> TASK REQUIREMENTS: For the material below, reproduce exactly each line from the one that has "Muse Jewelry .32ct" through the one that has "NWT ASOS DESIGN", and no others; pictures stay out.

> INFORMATION:
= Beginning of Section =

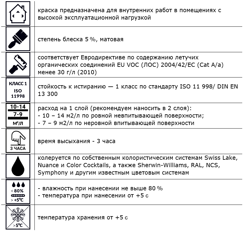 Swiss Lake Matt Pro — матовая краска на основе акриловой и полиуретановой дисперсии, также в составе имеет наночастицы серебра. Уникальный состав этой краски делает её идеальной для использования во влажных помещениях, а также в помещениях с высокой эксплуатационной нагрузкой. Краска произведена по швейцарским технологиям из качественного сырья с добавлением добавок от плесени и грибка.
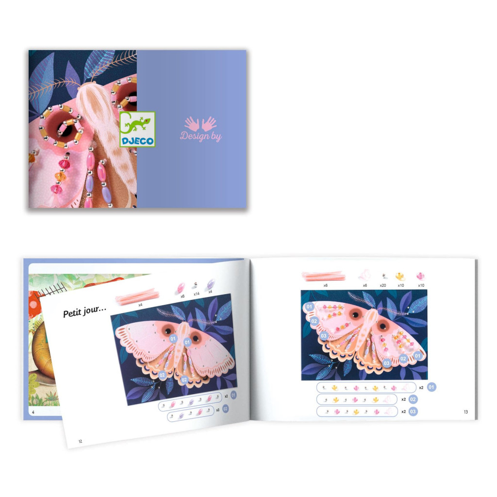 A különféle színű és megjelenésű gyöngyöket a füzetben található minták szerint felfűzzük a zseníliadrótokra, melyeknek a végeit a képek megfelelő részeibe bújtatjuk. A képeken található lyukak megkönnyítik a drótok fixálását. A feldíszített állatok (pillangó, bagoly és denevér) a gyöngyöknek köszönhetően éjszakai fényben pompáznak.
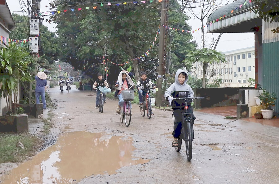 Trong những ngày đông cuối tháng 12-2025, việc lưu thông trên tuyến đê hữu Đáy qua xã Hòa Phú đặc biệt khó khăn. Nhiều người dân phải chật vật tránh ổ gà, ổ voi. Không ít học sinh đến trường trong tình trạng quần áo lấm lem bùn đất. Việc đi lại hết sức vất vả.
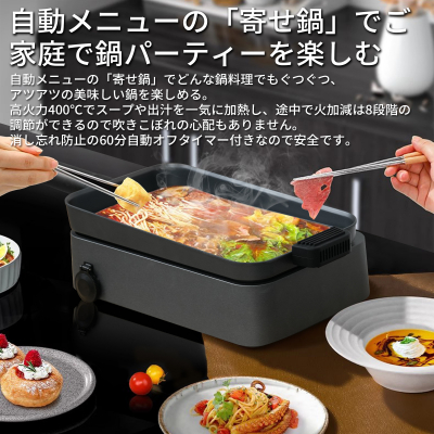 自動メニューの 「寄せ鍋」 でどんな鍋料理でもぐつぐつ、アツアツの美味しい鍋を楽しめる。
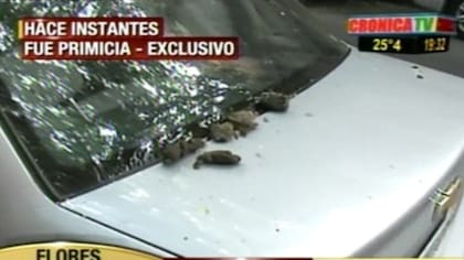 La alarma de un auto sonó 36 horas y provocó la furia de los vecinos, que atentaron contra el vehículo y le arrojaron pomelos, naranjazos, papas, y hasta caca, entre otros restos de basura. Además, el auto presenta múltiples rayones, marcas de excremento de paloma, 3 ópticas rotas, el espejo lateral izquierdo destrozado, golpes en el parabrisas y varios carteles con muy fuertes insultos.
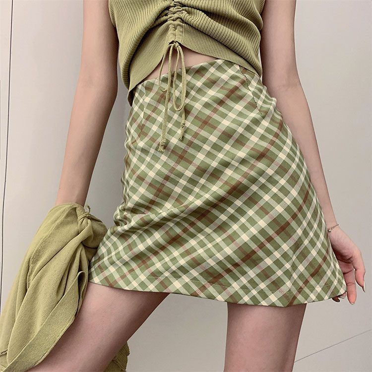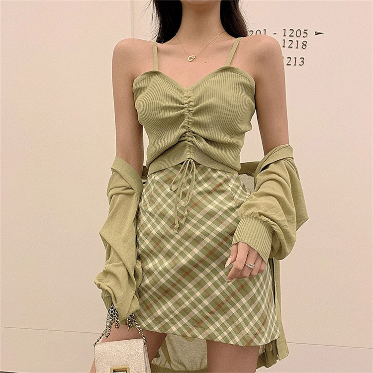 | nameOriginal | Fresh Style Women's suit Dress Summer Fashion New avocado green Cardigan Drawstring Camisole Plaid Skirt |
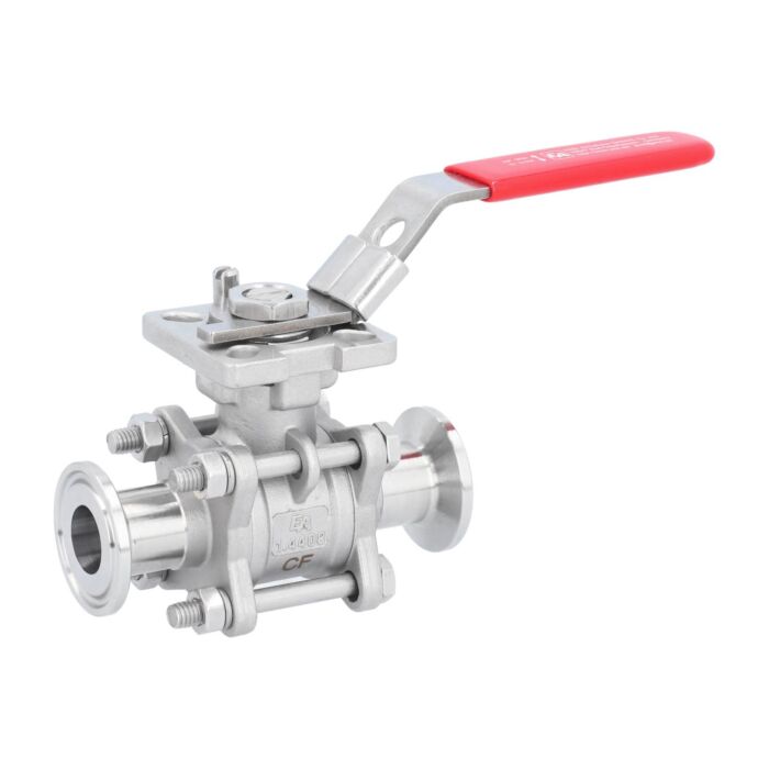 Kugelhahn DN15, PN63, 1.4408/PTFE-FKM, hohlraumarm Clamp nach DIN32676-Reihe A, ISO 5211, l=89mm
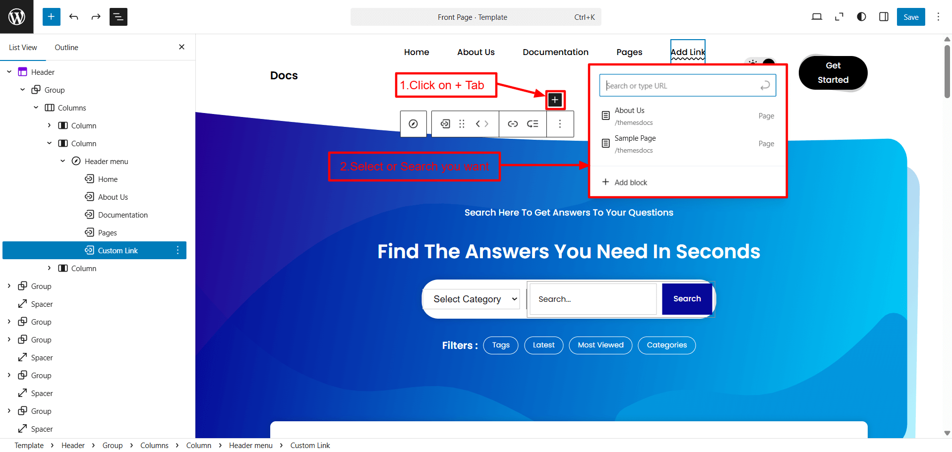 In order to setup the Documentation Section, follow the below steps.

= End of Section =
= Beginning of Section =

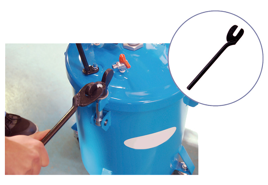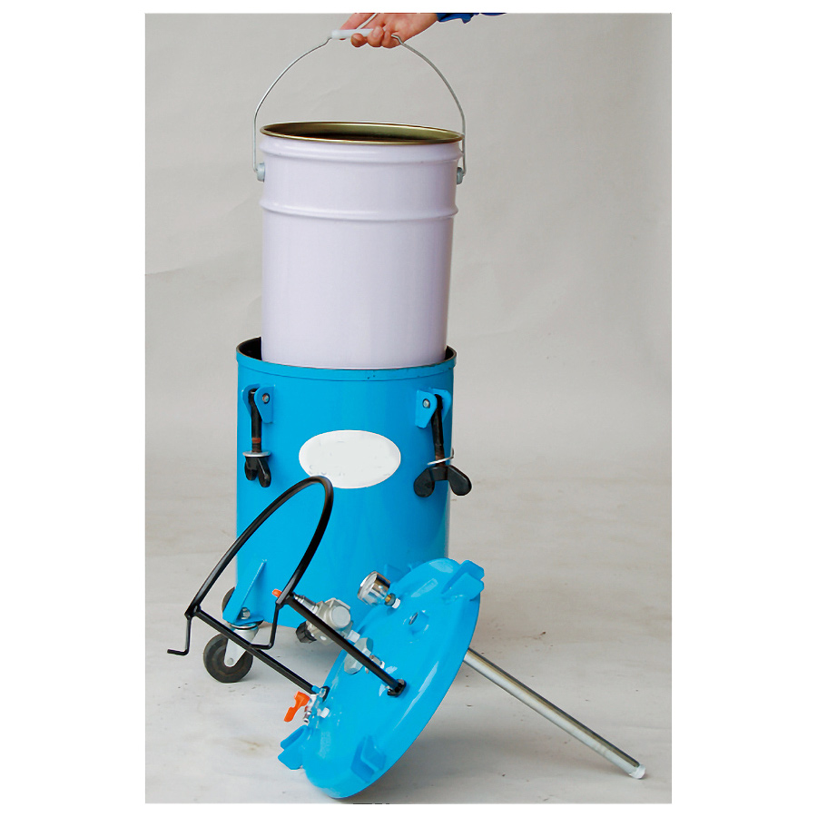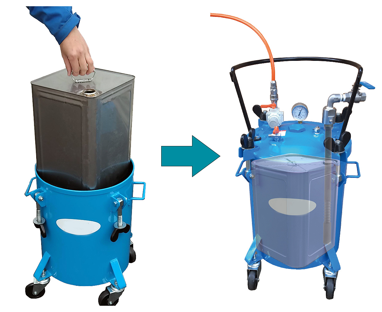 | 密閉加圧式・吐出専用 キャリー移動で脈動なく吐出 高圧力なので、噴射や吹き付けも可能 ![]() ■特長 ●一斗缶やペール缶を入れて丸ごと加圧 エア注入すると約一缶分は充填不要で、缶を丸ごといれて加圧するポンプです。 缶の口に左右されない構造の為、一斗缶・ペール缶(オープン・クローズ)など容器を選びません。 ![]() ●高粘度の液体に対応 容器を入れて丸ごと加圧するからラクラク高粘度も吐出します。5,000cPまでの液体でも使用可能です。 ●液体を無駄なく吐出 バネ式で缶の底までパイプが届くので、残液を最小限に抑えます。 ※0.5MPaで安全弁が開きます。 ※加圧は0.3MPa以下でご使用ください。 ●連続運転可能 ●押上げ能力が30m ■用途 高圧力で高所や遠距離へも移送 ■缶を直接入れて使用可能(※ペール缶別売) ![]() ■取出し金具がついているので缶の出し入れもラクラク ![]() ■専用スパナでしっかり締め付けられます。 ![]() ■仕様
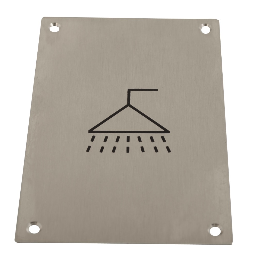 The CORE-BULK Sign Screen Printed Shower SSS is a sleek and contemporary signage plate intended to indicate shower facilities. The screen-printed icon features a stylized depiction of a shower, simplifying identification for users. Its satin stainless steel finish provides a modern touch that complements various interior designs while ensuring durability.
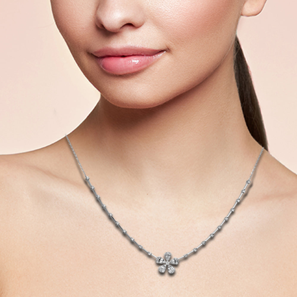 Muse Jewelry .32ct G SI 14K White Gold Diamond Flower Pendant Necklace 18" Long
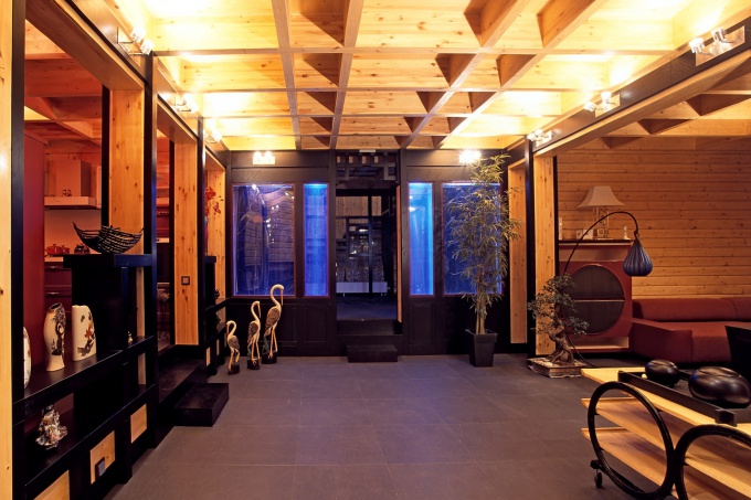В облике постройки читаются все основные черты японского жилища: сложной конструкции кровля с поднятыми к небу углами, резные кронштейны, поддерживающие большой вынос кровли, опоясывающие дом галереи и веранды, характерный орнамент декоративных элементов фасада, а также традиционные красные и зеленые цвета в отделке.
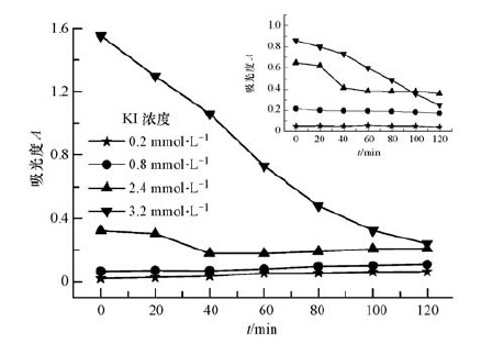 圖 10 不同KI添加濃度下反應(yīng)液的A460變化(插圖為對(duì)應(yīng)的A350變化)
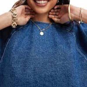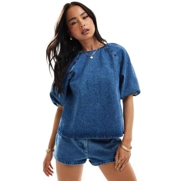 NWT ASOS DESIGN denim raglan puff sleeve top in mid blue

= End of Section =
= Beginning of Section =

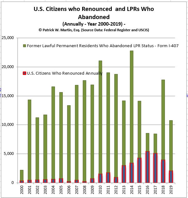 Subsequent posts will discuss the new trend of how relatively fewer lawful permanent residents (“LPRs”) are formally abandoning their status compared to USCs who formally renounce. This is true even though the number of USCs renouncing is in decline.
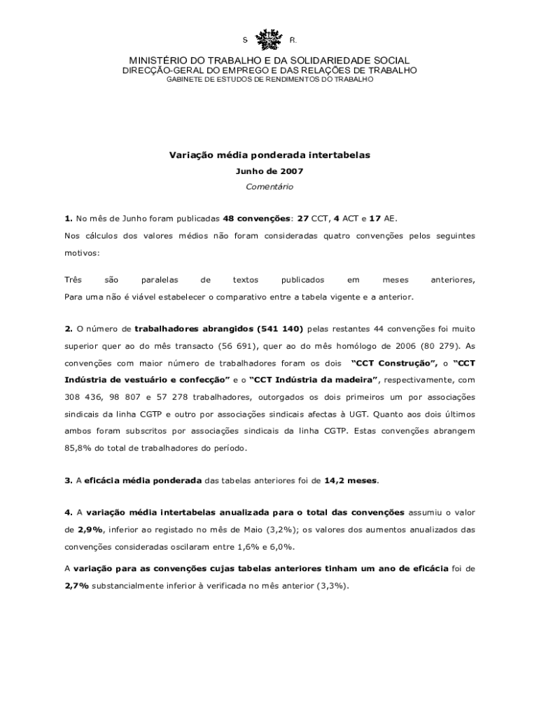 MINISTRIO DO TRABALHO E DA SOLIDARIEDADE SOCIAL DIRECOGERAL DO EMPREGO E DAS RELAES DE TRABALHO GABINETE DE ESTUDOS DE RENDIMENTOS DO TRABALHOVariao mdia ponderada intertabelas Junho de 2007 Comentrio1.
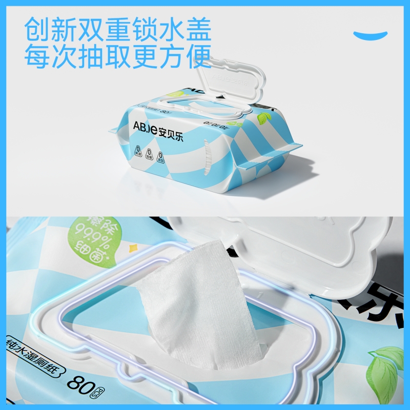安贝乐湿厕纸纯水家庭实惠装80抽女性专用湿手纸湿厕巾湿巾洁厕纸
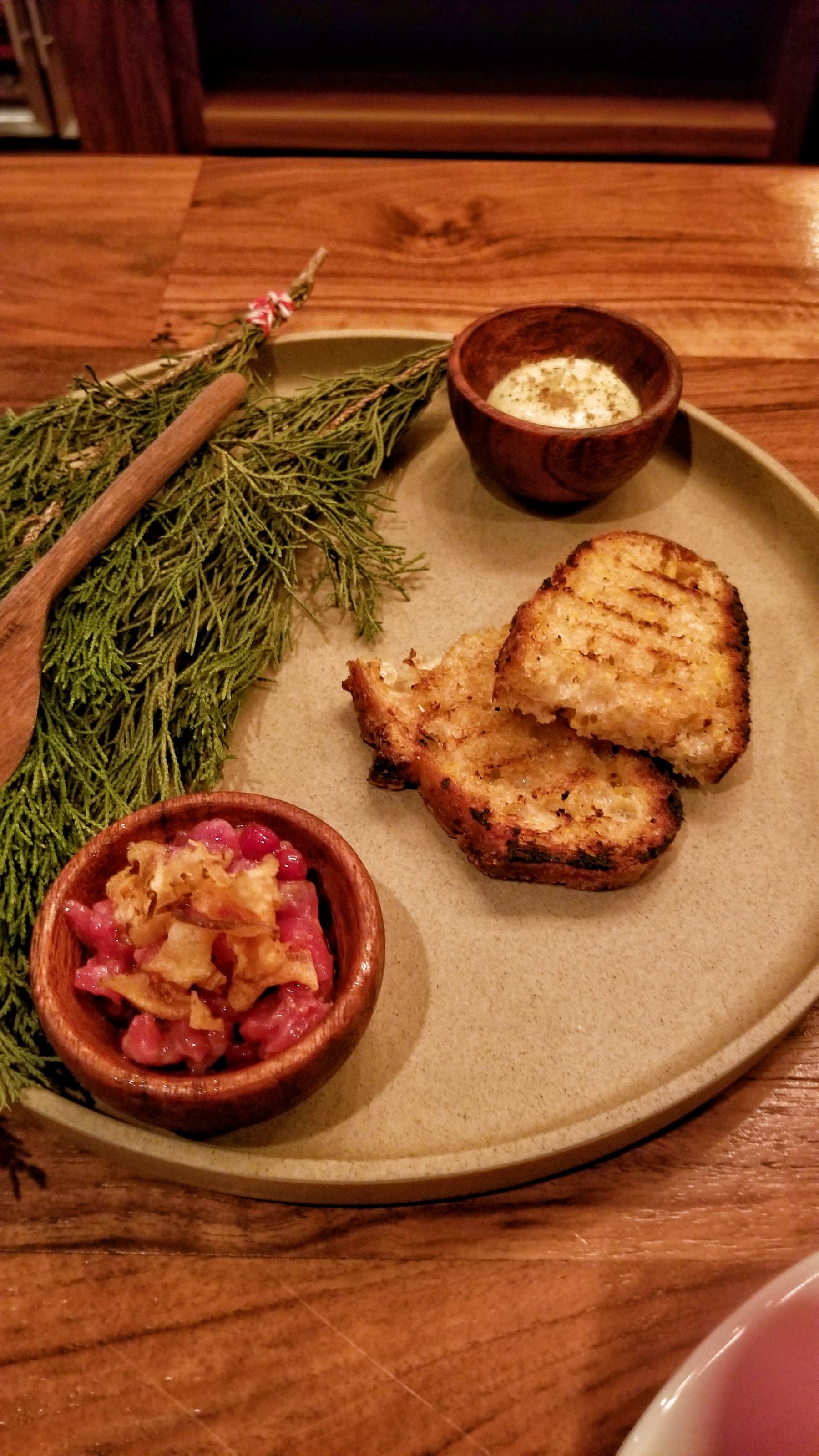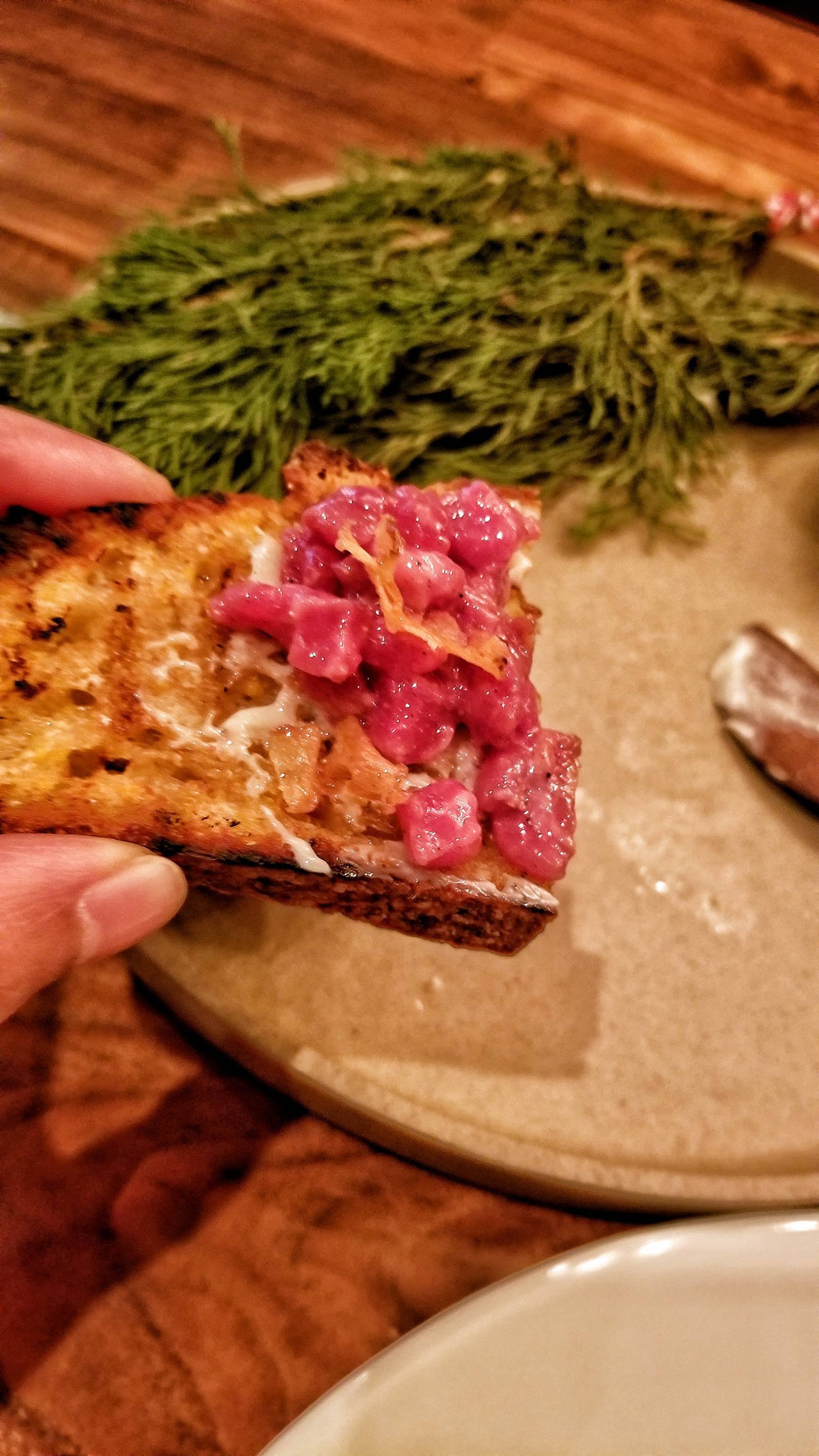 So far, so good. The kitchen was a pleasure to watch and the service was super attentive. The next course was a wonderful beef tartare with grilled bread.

= End of Section =

> COMPLETED EXERCISE:
 Muse Jewelry .32ct G SI 14K White Gold Diamond Flower Pendant Necklace 18" Long
В облике постройки читаются все основные черты японского жилища: сложной конструкции кровля с поднятыми к небу углами, резные кронштейны, поддерживающие большой вынос кровли, опоясывающие дом галереи и веранды, характерный орнамент декоративных элементов фасада, а также традиционные красные и зеленые цвета в отделке.
 圖 10 不同KI添加濃度下反應(yīng)液的A460變化(插圖為對(duì)應(yīng)的A350變化)
 NWT ASOS DESIGN denim raglan puff sleeve top in mid blue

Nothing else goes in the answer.